Pictures excluded, copy word for word the lines from the one holding "イベント内容 | 保護猫カフェねこかつさん主催の保護猫譲渡会です☺︎" through the last line below.

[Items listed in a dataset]
----
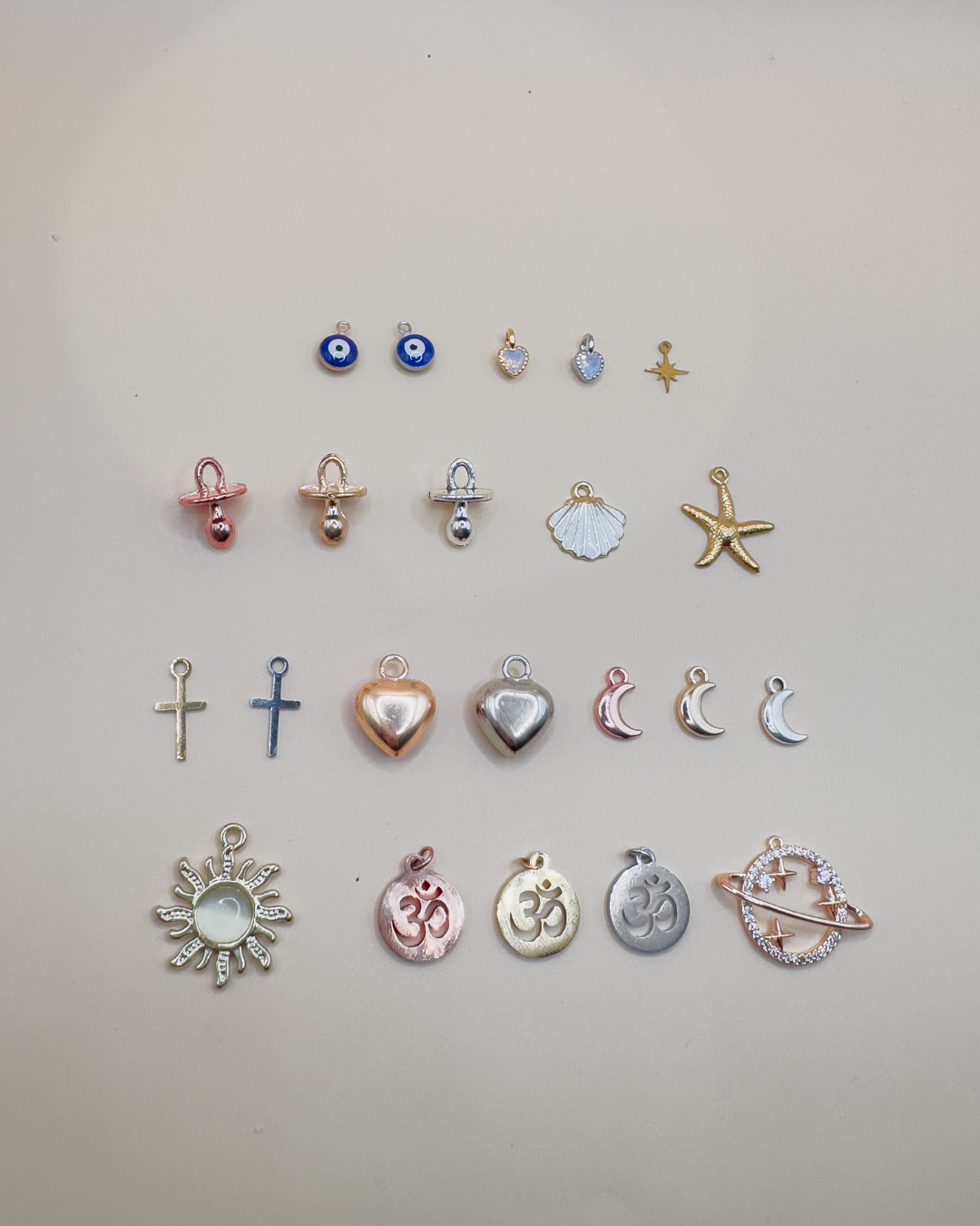 ✨ Un charm symbolique : cœur, lune, étoile, croix, soleil, fleurs…
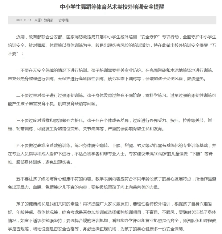 記者11月11日從教育部獲悉,近期,教育部聯(lián)合公安部、國家消防救援局開展中小學生校外培訓“安全守護”專項行動。針對舞蹈、體育等以身體訓練為主、較易出現(xiàn)傷害風險的培訓活動,提醒不要過早對孩子進行過強柔韌訓練。
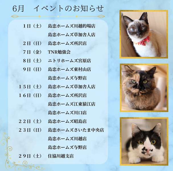 | イベント内容 | 保護猫カフェねこかつさん主催の保護猫譲渡会です☺︎ JR川越駅西口をでたら、徒歩6分 ショッピングモールのお隣が総合不動産建築の 『住協」様です ねこかつさんや個人ボランティアさんの元で大切にお世話された、ちびっ子や大人猫ちゃんがたくさん参加しますʚ₍ᐞ·͈༝·͈ᐞ₎ɞ どなた様もご自由にご参加いただけます*♪ 譲渡会ってどんなところかな? ちょっとみて見たい そんな方々も大歓迎です ❁譲渡には譲渡条件がございます ❁お申込みの際にはアンケートへのご記入がございます ❁当日に猫ちゃんを連れて帰ることはできません ※お車でお越しの際は近隣のコインパーキングをご利用ください |
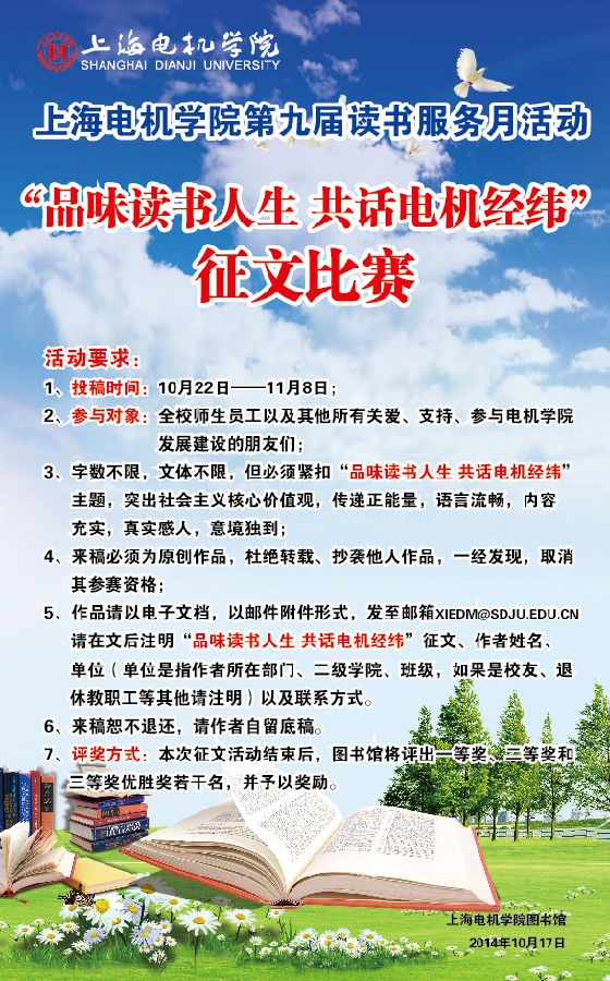 5、作品请以电子文档,以邮件附件形式,发至邮箱xiedm@sdju.edu.cn 请在文后注明“品味读书人生共话电机经纬”征文、作者姓名、单位(单位是指作者所在部门、二级学院、班级,如果是校友、退休教职工等其他请注明)以及联系方式。
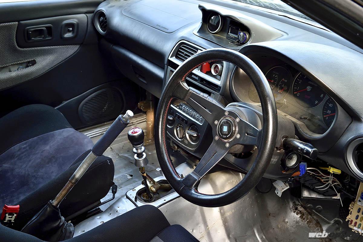 ダッシュボードやメーター類もGDB用をごっそりと移植。「当てがってみたら着いたので(笑)」とは三浦さん。ナンバーレスのサーキット仕様ということで、リヤはシートレスのドンガラ仕様となる。
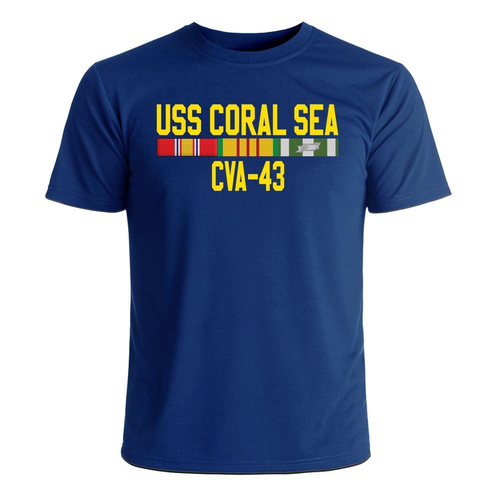 MilitaryBest is proud to offer this U.S. Navy Ship Vietnam Printed T-Shirt. Each design is offered on a Navy Blue T-Shirt. This USS Coral Sea CVA-43 With Vietnam Service Ribbons T-Shirt is proudly printed in the USA. The quality of all of our Military products is guaranteed. Unless there is a defect in workmanship or material, this shirt is unreturnable.A percentage of the sale of each MilitaryBest item is forwarded to the licensing departments of each respective branch of service in support of the MWR (Morale, Welfare, & Recreation) program. These payments are made by either ALL4U LLC or the wholesaler from where the item originated. Our team thanks you for your service and your support of these programs.
----
> _Output of the task_
 | イベント内容 | 保護猫カフェねこかつさん主催の保護猫譲渡会です☺︎ JR川越駅西口をでたら、徒歩6分 ショッピングモールのお隣が総合不動産建築の 『住協」様です ねこかつさんや個人ボランティアさんの元で大切にお世話された、ちびっ子や大人猫ちゃんがたくさん参加しますʚ₍ᐞ·͈༝·͈ᐞ₎ɞ どなた様もご自由にご参加いただけます*♪ 譲渡会ってどんなところかな? ちょっとみて見たい そんな方々も大歓迎です ❁譲渡には譲渡条件がございます ❁お申込みの際にはアンケートへのご記入がございます ❁当日に猫ちゃんを連れて帰ることはできません ※お車でお越しの際は近隣のコインパーキングをご利用ください |
 5、作品请以电子文档,以邮件附件形式,发至邮箱xiedm@sdju.edu.cn 请在文后注明“品味读书人生共话电机经纬”征文、作者姓名、单位(单位是指作者所在部门、二级学院、班级,如果是校友、退休教职工等其他请注明)以及联系方式。
 ダッシュボードやメーター類もGDB用をごっそりと移植。「当てがってみたら着いたので(笑)」とは三浦さん。ナンバーレスのサーキット仕様ということで、リヤはシートレスのドンガラ仕様となる。
 MilitaryBest is proud to offer this U.S. Navy Ship Vietnam Printed T-Shirt. Each design is offered on a Navy Blue T-Shirt. This USS Coral Sea CVA-43 With Vietnam Service Ribbons T-Shirt is proudly printed in the USA. The quality of all of our Military products is guaranteed. Unless there is a defect in workmanship or material, this shirt is unreturnable.A percentage of the sale of each MilitaryBest item is forwarded to the licensing departments of each respective branch of service in support of the MWR (Morale, Welfare, & Recreation) program. These payments are made by either ALL4U LLC or the wholesaler from where the item originated. Our team thanks you for your service and your support of these programs.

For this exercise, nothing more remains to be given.